The 2nd Panzer Group () was formed in November 1940 from Panzer Group Guderian. In October 1941 it was renamed the 2nd Panzer Army. Panzer Group 2 played a significant role in the early stages of the German invasion of the Soviet Union during Operation Barbarossa in 1941 when it was a constituent part of Army Group Centre.

Operational history
2nd Panzer Group was part of the Army Group Centre during Operation Barbarossa, the invasion of the Soviet Union. Guderian's 2nd Panzer Army formed the Army Group's southern pincer while Hoth's 3rd Panzer Army formed the northern pincer destroying several Soviet armies during the opening phase of Operation Barbarossa. During the battles of Bialystok and Minsk substantial numbers of prisoners were captured and several weapons captured.

Suffering heavy losses in men and equipment, the German forces advanced deeper into the Soviet Union. The rasputitsa season (literally "roadlessness", due to heavy rains and sluggish muddy roads) began to slow down the formation's progress to a few kilometres a day. The rasputitsa was not an unusual phenomenon, but the Wehrmacht did not prepare for this contingency as the German high command had expected the German army to be in Moscow and beyond at this time, with the campaign over before the end of summer. After Minsk, the 2nd and 3rd Panzer Armies captured Smolensk in another successful pincer operation taking around 300,000 prisoners.

Hitler ordered Army Group Center to detach the 2nd Panzer Group, turning southward towards Kyiv to form the northern pincer at Kyiv. Guderian's 2nd Panzer Army and Kleist's 1st Panzer Army were locked in a pincer around Kyiv to trap 665,000 Soviet prisoners. After concluding the Kyiv encirclement, the German planned for the three Panzer armies to attack Moscow from different directions:  

4th Panzer Army in the North around Leningrad would attack southward. Hoth's 3rd Panzer Army would attack eastward towards Moscow, while the 2nd Panzer Army would turn northwest and attack Moscow from the south. Guderian's forces tried to encircle the 50th Army, which was successfully defending Tula. After unsuccessful attempts to capture Tula, the high command ordered Gudarian to bypass Tula on November 18 and head towards the vital town of Kashira. The furthest attack was stopped near Kashira by the 1st Guards Cavalry Corps, 173rd Rifle Division, and other units that withstood the central attack of the Guderian army.  

The Group's divisions had suffered heavy attrition since the beginning of the invasion and experienced shortages in fuel and ammunition due to the breakdown in logistics. By November, the situation of Guderian's Panzer Group was dire. Nonetheless, Guderian expected the Red Army's resistance to collapse and, driven by National Socialist military thinking, including the idea that the "will" was key to success, continued to direct his forces to attack. 

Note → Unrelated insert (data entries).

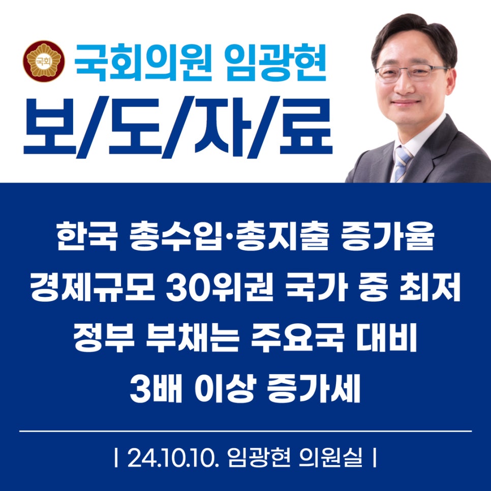 [임광현의원 국감 보도] 한국 총수입·총지출 증가율 경제규모 30위권 국가 중 최저정부 부채는 주요국 대비 3배 이상 증가세
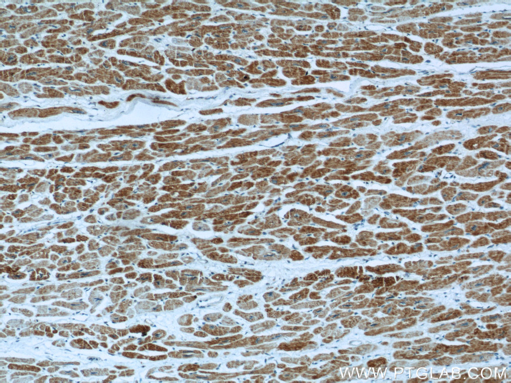 - Immunohistochemical of paraffin-embedded human heart using 55259-1-AP(VDAC1 antibody) at dilution of 1:50 (under 10x lens)
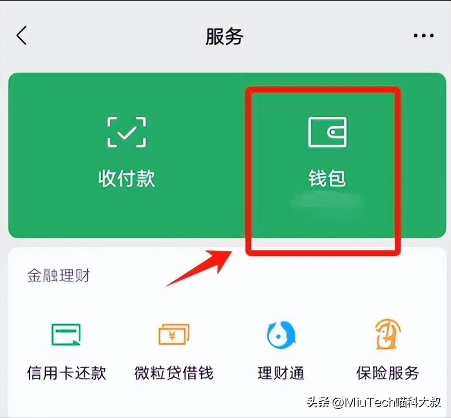 2、在服务页面中,点击“钱包”选项,在钱包页面中,点击“帮助中心”选项。

By early December, the final advance on Moscow failed in the face of stiffening Soviet resistance and due to shortages in men and equipment. Until the Soviet counter-offensive, the Germans enjoyed complete domination of the skies and numerical advantage in material and men power during the Battle of Moscow. The massive and unexpected counter-attacks of 1st Guards Cavalry Corps, 50th Army, 10th Army, and parts of 49th Army drove the Germans the furthest from the capital, thus resulting in Hitler's dismissal of Heinz Guderian. After the battle he would never again reach the height and the popularity with Hitler or command any significant part of the German forces.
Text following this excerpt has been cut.